Performance is often measured at the company, division, team and employee level. Understanding the company performance is helpful first, before focusing on an expectation for yourself. Ask your boss periodically, "How can I best help you or make you successful?" Learn how the board and company operate, ask about sales. Focus on delivering value and building a satisfying career -- financials will come. - Joanne Markow, GreenMason

7. Start From Bottom Line

If you can map a direct line from your performance to an increase in the organizational bottom line, you may be in a position to have a discussion about a raise. No one is in business to lose money; most are in business to turn a profit. The ability to add value by streamlining a process, spearheading a new initiative or being the leader of a growing department may be the key to a pay increase. - Kenneth Johnson, East Coast Executives

8. Scale Up

There is no "checklist." To make yourself both visible and valuable to your leadership, scale up. Operate at a higher level now. Think broadly: What is your manager worried about? What's the next big opportunity or threat around the corner? Think bottom line: Where are there opportunities to reduce cost? Help others: No one is successful on their own merit, be a strong partner to your peers. - Kathleen Woodhouse, Nova Leadership Immersion

9. Have Checkpoints Throughout The Year

Don't go into the review period without knowing where your performance stands. Schedule 30-minute, monthly check-ins with your boss to discuss your projects, showcase your achievements and get feedback. Be transparent and share that your aim is to perform at a level that is worthy of a raise. Check with your boss that you are on track each time. By knowing where you stand you can make adjustments. - Loren Margolis, Training & Leadership Success LLC

10. Determine If You Are Truly Underpaid

If you are performing well, possess credibility with your employer and can quantify your impact on the bottom line, yet look at or other similar resources and see you are underpaid, it is time to ask for an increase in compensation.

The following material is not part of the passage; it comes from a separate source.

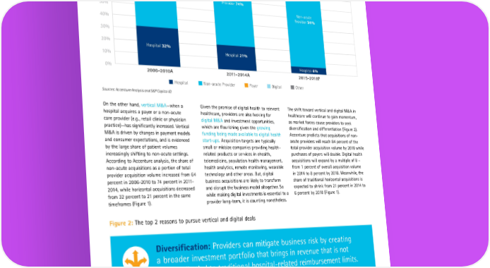 Figure 1: A s traditional hospital acquisitions shrink, non-acute and digital acquisitions are on the rise 100% Other 2% Other 3% Digital 1% Digital 1% Digital 8% 90% Payer 0% Payer 1% Payer 2% 80% 70% Non-acute 60% Provider 64% Non-acute Provider 74% 50% Non-acute Provider 84% 40% 30% 20% Hospital 32% 10% Hospital 21% 0% Hospital 6% 2006-2010A2011-2014A 2015-2018P Hospital Non-acute Provider Payer Digital Other Sources: Accenture Analysis and S&P Capital IQ On the other hand, vertical M&A—when a Given the promise of digital health to reinvent The shift toward vertical and digital M&A in hospital acquires a payer or a non-acute healthcare, providers are also looking for healthcare will continue to gain momentum, care provider (e.g., retail clinic or physician digital M&A and investment opportunities, as market forces cause providers to seek practice)—has significantly increased. Vertical which are flourishing given the growing diversification and differentiation (Figure 2). M&A is driven by changes in payment models funding being made available to digital health Accenture predicts that acquisitions of non- and consumer expectations, and is evidenced start-ups. Acquisition targets are typically acute providers will reach 84 percent of the by the large share of patient volumes small or midsize companies providing health- total provider acquisition volume by 2018 while increasingly shifting to non-acute settings. related products or services in ehealth, purchases of payers will double. Digital health According to Accenture analysis, the share of telemedicine, population health management, acquisitions will expand by a multiple of 8 – non-acute acquisitions as a portion of total health analytics, remote monitoring, wearable from 1 percent of overall acquisition volume provider acquisition volume increased from 64 technology and other areas. But, digital in 2014 to 8 percent by 2018. Meanwhile, the percent in 2006-2010 to 74 percent in 2011- business acquisitions are likely to transform share of traditional horizontal acquisitions is 2014, while horizontal acquisitions decreased and disrupt the business model altogether. So expected to shrink from 21 percent in 2014 to from 32 percent to 21 percent in the same while making digital investments is essential to a 6 percent by 2018 (Figure 1). timeframes (Figure 1). provider long-term, it is daunting nonetheless. Figure 2: T he top 2 reasons to pursue vertical and digital deals Diversification: Providers can mitigate business risk by creating a broader investment portfolio that brings in revenue that is not necessarily tied to traditional hospital-related reimbursement limits. Differentiation: Providers can establish new categories of services to increase their competitive advantage.

In addition, if your employer has been downsizing but you have stayed, ask to be compensated for the work you will have to take on. - Meghan Godorov, Meghan Godorov Consulting, LLC

11. Be An MVP

Every manager looks for team players who add value. Having an MVP employee is a bonus. This person is proactive and intentional to ensure they prevent problems, solve issues quickly, volunteer for unwanted tasks and work to make life easier for the entire team. Eventually, they become the "go-to" person for special projects. All the while, they stay humble servant leaders and game changers. Be that person! - Tameka Williamson, Celestial & Associates Consulting

12. Mentor Someone

Mentor someone in your company to practice your leadership abilities, communication skills, better understand the business, and to create a larger network through a formal mentorship program or take advantage of informal opportunities. Get together with the mentee and give career feedback and support. As that person’s career improves, it’s almost inevitable yours will, too. - Maria Pastore, Maria Pastore Coaching

13. Seek Honest Feedback

A great way to gauge your competency and efficiency at your job, is to regularly ask for honest feedback. This not only highlights how you are being perceived, but it can also help you to identify areas for improvement. If you receive consistent feedback throughout the year, you will be well prepared at review time to confidently ask for that raise, as you present your gains and growth. - Stacey Hanke, Stacey Hanke Inc.